O empresário Paulo Neves fala em classe paupérrima num país que pode ver desaparecer a classe média, onde a banca não funciona.

“A banca vive da venda de divisas e do financiamento ao Estado. É impossível fazermos projectos com margens de lucros pelos bancos em taxas de 20 a 30 por cento. O país tem tudo para ser rico, mas as políticas não são certas. Qualquer dia temos um país só de ricos, daqueles que se apoderaram do erário público, e sem uma classe média. Vamos produzir para quem?’’, Neves.

A produção actual disponível, insuficiente para a demanda, não é escoada, conforme exemplifica o fazendeiro Manuel Monteiro, membro do Conselho da República, um dos maiores produtores de banana e hortícolas.

‘’O primeiro constrangimento é o acesso para Luanda, já que o mau estado da via cria constrangimentos, sendo uma delas a destruição das viaturas. Felizmente, as notícias dizem que as coisas vão melhorando. Por outro lado, quando há crise o próprio consumo entra numa fase de esfriamento’’, lamenta aquele empresário.

A revisão do OGE/2019, já criticada pela UNITA, na oposição, pode implicar cortes nas despesas capitais, por via dos quais o Estado cria condições favoráveis ao ambiente de negócios.

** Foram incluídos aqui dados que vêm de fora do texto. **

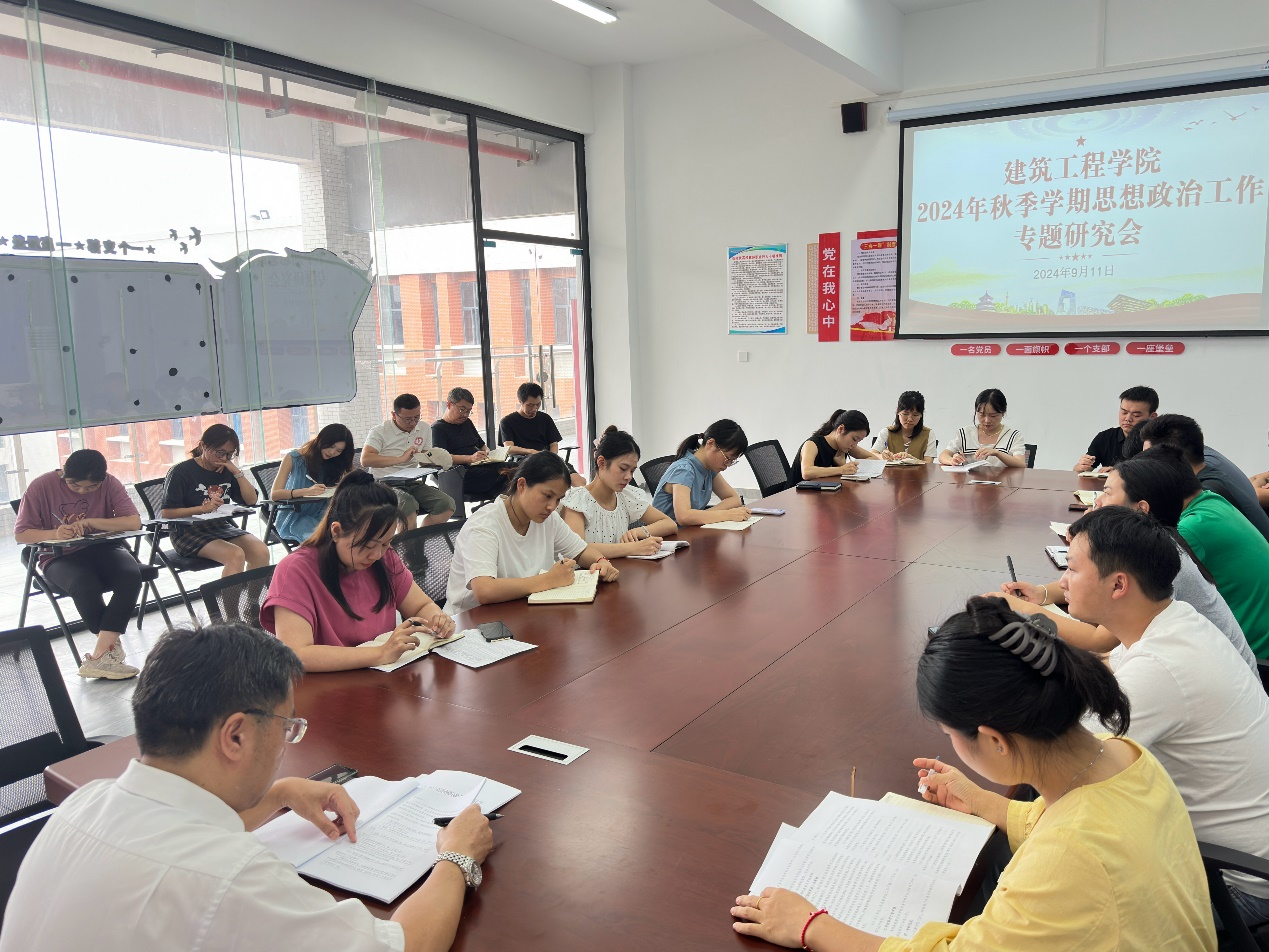2024年9月11日下午3点,建筑工程学院在党员活动室召开了思想政治工作专题研讨会。此次会议旨在深入探讨新时代背景下高校思想政治工作的新思路、新方法,进一步加强和改进学院思想政治工作,提升思想政治教育的质量和效果。会议由学院党支部副书记胡琴主持,院长吴三胜以及全体教师、辅导员参加了此次研讨会。
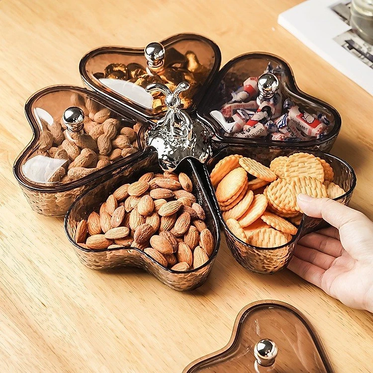 Khay đựng mứt bánh kẹo xoay 5 ngăn hình trái tim, khay đựng trái cây sang trọng
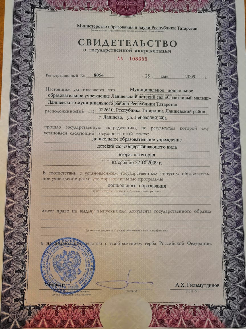 Лицензия МБДОУ Лаишевский детский сад "Счастливый малыш"
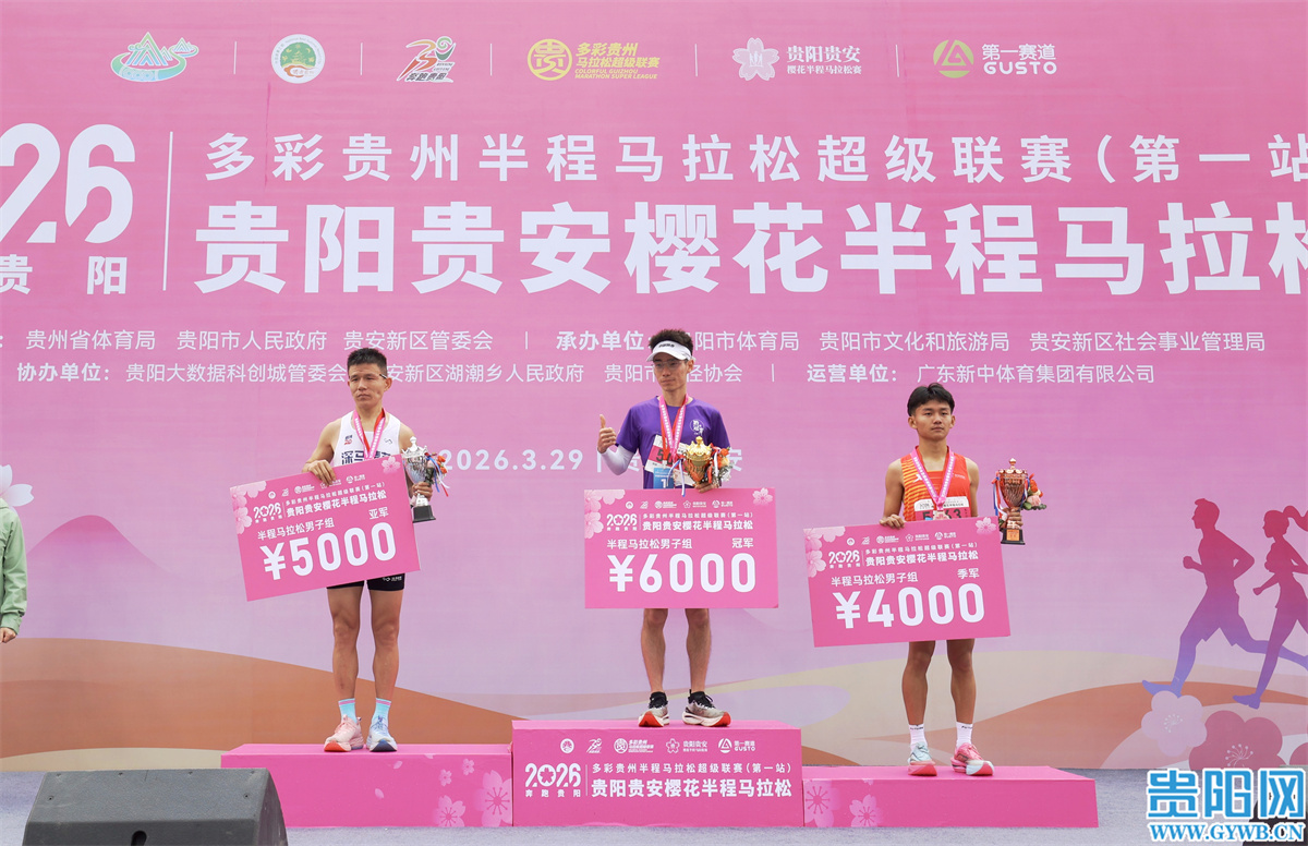 春意盎然,樱花烂漫。3月29日上午9时,2026多彩贵州半程马拉松超级联赛(第一站)暨贵阳贵安樱花半程马拉松在贵安新区鸣枪开跑,选手张树、张珊珊分获男子组、女子组冠军。

O economista e consultor empresarial Janísio Salomão aborda esta questão na perspectiva da competitividade

“Estamos a falar de problemas infra-estruturais, um deles a energia, que não existe nos campos de produção e nas indústrias. As fontes alternativas precisam de combustível, para não falar da água e das estradas. Isto encarece a produção nacional, que quando comparada, por exemplo, com o que vem da Namíbia fica mais caro ao consumidor. E mais, às vezes o importado tem mais qualidade, por isso não podemos falar de competitividade’’, diz Salomão.

Na última sessão de apresentação do Prodesi, programa de apoio à produção, diversificação das exportações e substituição das importações, para o qual o Governo disponibilizou 13 mil milhões de kwanzas, o ministro de Estado para a Coordenação Económica, Manuel Nunes Júnior, garantiu empenho do Executivo na luta pela estabilidade política e macroeconómica.